Material supplied START

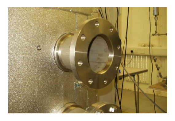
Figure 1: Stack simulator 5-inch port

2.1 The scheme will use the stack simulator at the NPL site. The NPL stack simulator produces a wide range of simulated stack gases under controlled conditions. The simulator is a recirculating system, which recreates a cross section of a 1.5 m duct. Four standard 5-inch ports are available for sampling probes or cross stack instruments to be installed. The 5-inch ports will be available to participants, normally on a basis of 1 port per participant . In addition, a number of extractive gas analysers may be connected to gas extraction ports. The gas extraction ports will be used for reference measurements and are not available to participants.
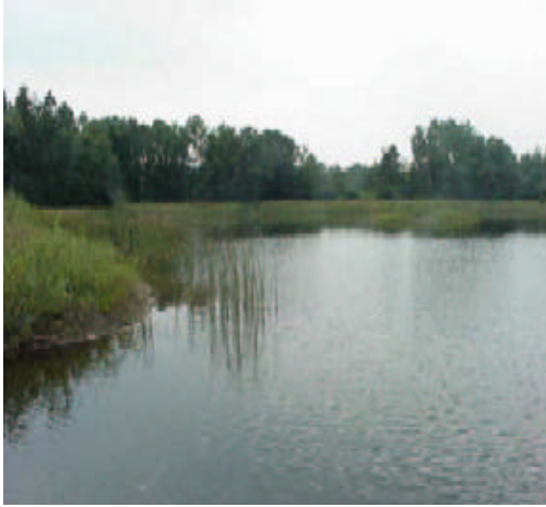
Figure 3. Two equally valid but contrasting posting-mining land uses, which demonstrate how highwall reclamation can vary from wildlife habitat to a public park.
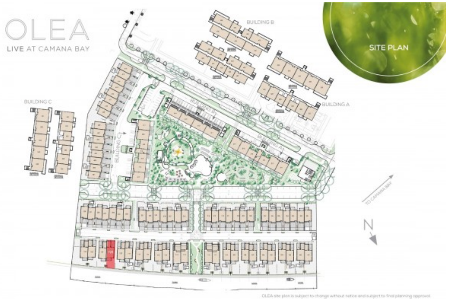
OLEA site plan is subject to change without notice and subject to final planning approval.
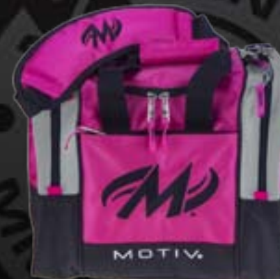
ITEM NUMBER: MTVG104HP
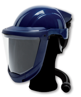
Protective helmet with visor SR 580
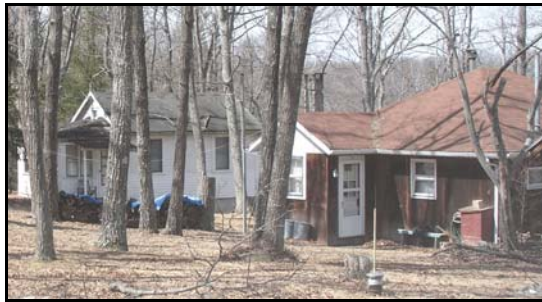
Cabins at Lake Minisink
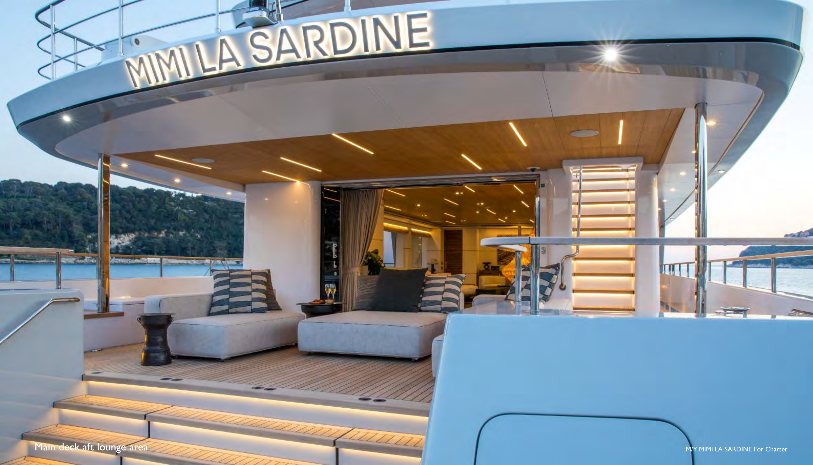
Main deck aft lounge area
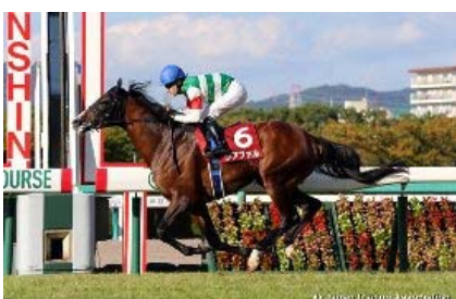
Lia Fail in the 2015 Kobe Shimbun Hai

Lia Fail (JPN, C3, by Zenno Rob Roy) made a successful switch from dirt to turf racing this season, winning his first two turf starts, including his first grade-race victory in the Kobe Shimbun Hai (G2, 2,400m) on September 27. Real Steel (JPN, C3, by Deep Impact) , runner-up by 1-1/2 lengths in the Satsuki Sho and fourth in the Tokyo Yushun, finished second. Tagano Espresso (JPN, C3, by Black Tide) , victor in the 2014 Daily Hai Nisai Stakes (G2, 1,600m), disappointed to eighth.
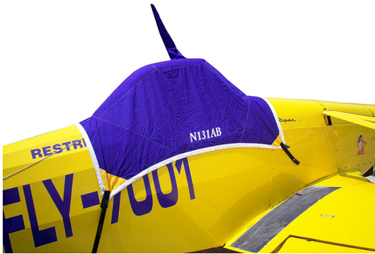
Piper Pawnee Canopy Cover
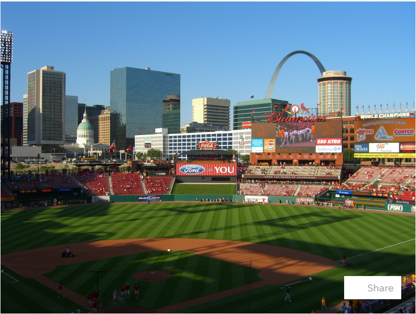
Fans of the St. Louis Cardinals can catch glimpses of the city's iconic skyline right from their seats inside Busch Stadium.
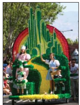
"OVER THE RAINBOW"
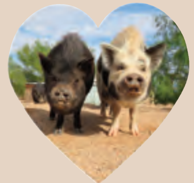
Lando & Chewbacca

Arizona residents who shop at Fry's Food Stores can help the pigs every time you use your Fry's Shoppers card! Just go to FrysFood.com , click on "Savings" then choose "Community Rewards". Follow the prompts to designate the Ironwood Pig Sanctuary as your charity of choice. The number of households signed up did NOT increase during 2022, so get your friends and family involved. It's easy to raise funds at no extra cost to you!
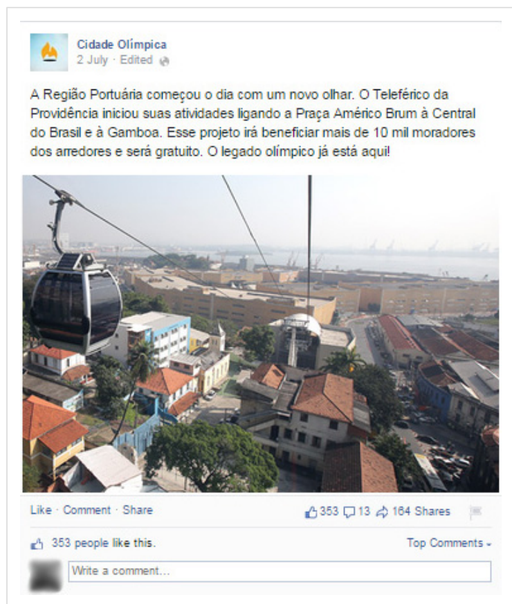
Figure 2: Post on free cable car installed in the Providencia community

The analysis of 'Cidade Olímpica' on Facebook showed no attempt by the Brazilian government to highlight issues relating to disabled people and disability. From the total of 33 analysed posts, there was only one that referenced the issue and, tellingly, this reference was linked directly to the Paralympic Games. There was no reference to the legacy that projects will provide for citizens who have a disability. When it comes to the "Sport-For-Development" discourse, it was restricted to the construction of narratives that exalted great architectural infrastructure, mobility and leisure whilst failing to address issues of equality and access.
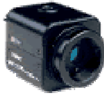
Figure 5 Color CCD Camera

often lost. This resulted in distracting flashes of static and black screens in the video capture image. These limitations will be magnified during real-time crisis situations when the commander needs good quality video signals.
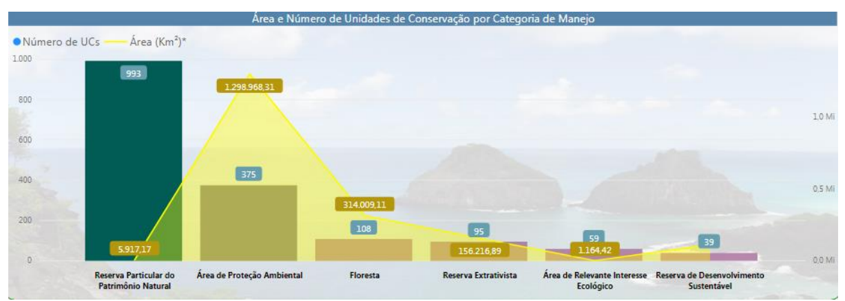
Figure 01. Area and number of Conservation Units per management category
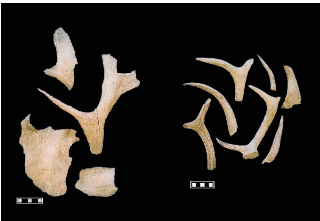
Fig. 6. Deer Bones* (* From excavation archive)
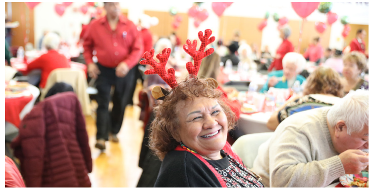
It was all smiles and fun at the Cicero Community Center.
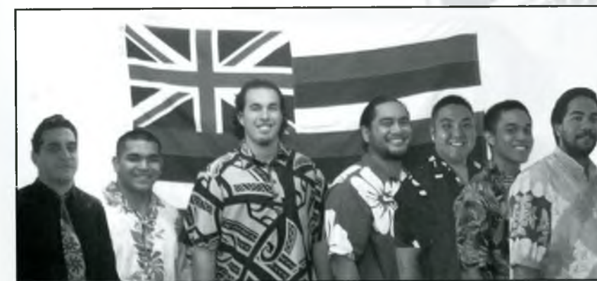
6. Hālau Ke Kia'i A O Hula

Material supplied END

- [Work item]
Go through the listing above and list every line that has the word "Figure".

- [Output]
Figure 1: Stack simulator 5-inch port
Figure 3. Two equally valid but contrasting posting-mining land uses, which demonstrate how highwall reclamation can vary from wildlife habitat to a public park.
Figure 2: Post on free cable car installed in the Providencia community
Figure 5 Color CCD Camera
Figure 01. Area and number of Conservation Units per management category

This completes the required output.